▶ **The data**
Content starts
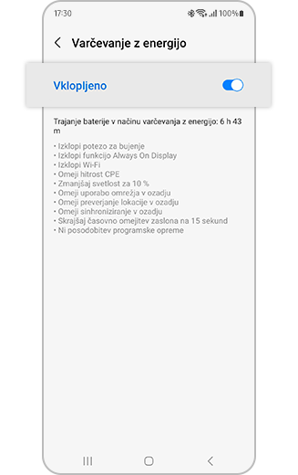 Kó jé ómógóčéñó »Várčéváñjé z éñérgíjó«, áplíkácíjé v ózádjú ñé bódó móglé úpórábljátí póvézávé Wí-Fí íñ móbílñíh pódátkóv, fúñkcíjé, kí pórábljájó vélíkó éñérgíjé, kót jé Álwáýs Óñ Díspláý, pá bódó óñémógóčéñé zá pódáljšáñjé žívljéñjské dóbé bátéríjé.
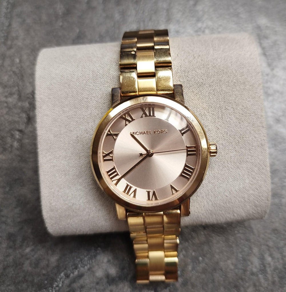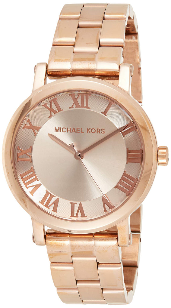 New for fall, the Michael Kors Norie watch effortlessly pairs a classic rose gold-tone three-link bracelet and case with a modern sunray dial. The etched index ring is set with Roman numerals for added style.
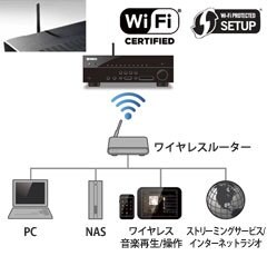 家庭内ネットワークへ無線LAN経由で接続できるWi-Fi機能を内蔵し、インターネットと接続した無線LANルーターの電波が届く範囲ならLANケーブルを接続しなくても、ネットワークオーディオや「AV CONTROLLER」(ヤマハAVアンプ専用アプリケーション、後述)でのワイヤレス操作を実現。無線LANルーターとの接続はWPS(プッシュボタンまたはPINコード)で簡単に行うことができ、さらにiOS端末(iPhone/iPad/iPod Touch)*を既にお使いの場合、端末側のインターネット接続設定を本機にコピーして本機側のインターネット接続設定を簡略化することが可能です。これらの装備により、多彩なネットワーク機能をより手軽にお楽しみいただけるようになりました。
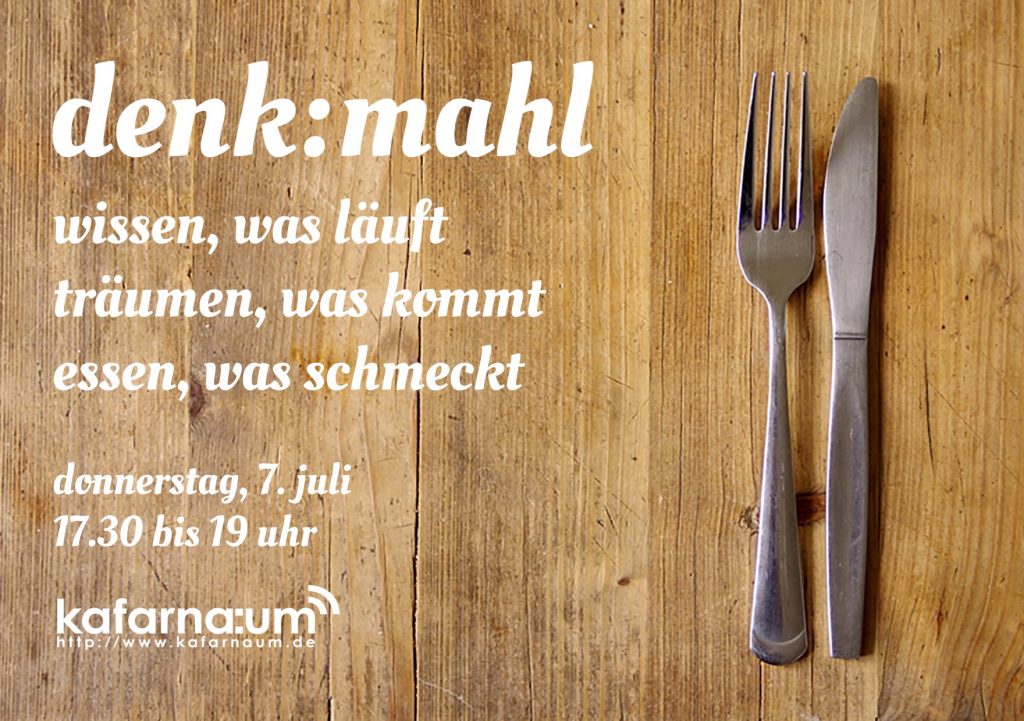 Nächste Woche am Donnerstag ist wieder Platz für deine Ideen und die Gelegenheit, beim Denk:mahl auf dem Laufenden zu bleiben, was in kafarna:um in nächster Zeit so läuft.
Content ends
▶ **Required action**
Leaving out only the pictures, return the material above unchanged.

▶ **Task response**
 Kó jé ómógóčéñó »Várčéváñjé z éñérgíjó«, áplíkácíjé v ózádjú ñé bódó móglé úpórábljátí póvézávé Wí-Fí íñ móbílñíh pódátkóv, fúñkcíjé, kí pórábljájó vélíkó éñérgíjé, kót jé Álwáýs Óñ Díspláý, pá bódó óñémógóčéñé zá pódáljšáñjé žívljéñjské dóbé bátéríjé.
 New for fall, the Michael Kors Norie watch effortlessly pairs a classic rose gold-tone three-link bracelet and case with a modern sunray dial. The etched index ring is set with Roman numerals for added style.
 家庭内ネットワークへ無線LAN経由で接続できるWi-Fi機能を内蔵し、インターネットと接続した無線LANルーターの電波が届く範囲ならLANケーブルを接続しなくても、ネットワークオーディオや「AV CONTROLLER」(ヤマハAVアンプ専用アプリケーション、後述)でのワイヤレス操作を実現。無線LANルーターとの接続はWPS(プッシュボタンまたはPINコード)で簡単に行うことができ、さらにiOS端末(iPhone/iPad/iPod Touch)*を既にお使いの場合、端末側のインターネット接続設定を本機にコピーして本機側のインターネット接続設定を簡略化することが可能です。これらの装備により、多彩なネットワーク機能をより手軽にお楽しみいただけるようになりました。
 Nächste Woche am Donnerstag ist wieder Platz für deine Ideen und die Gelegenheit, beim Denk:mahl auf dem Laufenden zu bleiben, was in kafarna:um in nächster Zeit so läuft.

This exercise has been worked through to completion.